# So, there's a new Twilight movie coming out...



## Karl Hungus (Mar 12, 2010)

...when will it end?

I'm leaving the trailer here, but don't watch it, it'll make you gag:



I remember when the first Twilight film came out, I thought it was one of the most hilariously bad films I've ever had the displeasure of seeing. Supposedly a romance, but the two leads are perhaps the most inept actors to ever disgrace the screen, so there's no chemistry between them. Just about every aspect of Twilight was a wreck. It's just one of the most shockingly awful, turgid pieces of film-making that ends up being absolutely hilarious because Robert Pattinson keeps doing his Zoolander impersonation every single scene. That, and vampire baseball. 

I could stomach the fandom because I thought there's no way it would last this long. I'm sure that once the fans grew up a little, they'd realize how utterly bad it is and move onto something else. I just couldn't fathom the fandom actually growing. Now it's everywhere, and I can't seem to get away from it. There's these fucking "Team Edward" and "Team Jacob" T-Shirts that are plastered everywhere in my local comic shop, the music shops and even the heavy metal clothing shop, as well as Twilight posters, and other garbage.

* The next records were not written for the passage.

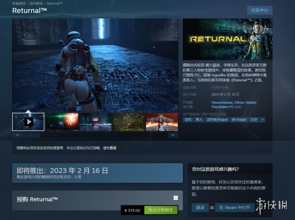 原PS5獨占科幻射擊游戲《死亡回歸(Returnal)》今日在Steam平台開啟預購,國區標準版售價379元,將於2月16號發售,顯卡最低要求為GTX1060。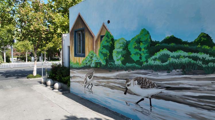 這邊公廁外立面粉刷一新,那邊墻面彩繪美輪美奐。在廣場路公廁西面墻上,一幅栩栩如生的勺嘴鷸墻面畫吸引不少市民駐足觀看。該墻面畫長9米、寬4.5米,含濕地、勺嘴鷸、森林、小木屋等東臺元素,描繪出一對“小勺子”在條子泥濕地自由覓食的生動景象,展現(xiàn)了人與自然和諧共生的美好圖景?!霸趯嶋H作畫過程中發(fā)現(xiàn)墻面有個窗戶,通過構(gòu)思把窗戶融合到畫面中的小木屋里去了。”繪畫老師朱進(jìn)華告訴記者,物畫融合也是這幅畫的亮點之一。
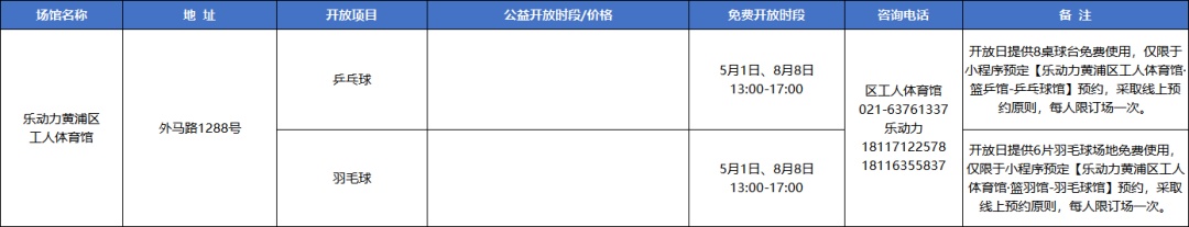 (二)黄浦区总工会公共体育场馆公益开放一览表

If that wasn't bad enough, did you guys see what they did to the new release of Near Dark?







Why, why, why... 

Near Dark was a fantastic vampire film, it was never anything like Twilight, so why on earth sully the good name of a classic with such a re-release to try and get it to cash in on that awful, awful teeny-vampire series.

Now what really irritates me is that in the past couple of years, there have been two Vampire films that are nothing short of masterpieces and have instantly become favorites of mine, namely Let The Right One In and Thirst. Mainstream audiences won't even give these a look because they're foreign, but will gladly fawn over rubbish like Twilight. Something's very wrong with the world if such garbage is being praised, and masterpieces are ignored.





I've raved about how awesome Let The Right One In is before, but if you get the chance, seriously give Thirst a watch. It's one of the most wildly inventive takes on the vampire mythology I've ever seen, and the central performance from Kang-ho Song is astounding.


----------



## pink freud (Mar 12, 2010)

Karl Hungus said:


> ...when will it end?



I'm going to take a wild guess and say...

after the fourth book is made into a movie?


----------



## Triple-J (Mar 12, 2010)

Man you are so right that it almost hurts....

When I was a kid I had constant nightmares about vampires but now I'm an adult I've no idea why cause vampires are just fucking pathetic. 
Vampires are there to be feared and they should be repulsive *not* attractive look at Nosferatu it's one of the best vampire movies ever but he's fucking horrific to look at.
In my opinion the downfall of the vampire in movies/books etc can be traced directly to one film.......The Lost Boys, this movie brought in all the teenage bullshit that's so typical in modern vampire movies and without it there would be no Buffy and ultimately no Twilight.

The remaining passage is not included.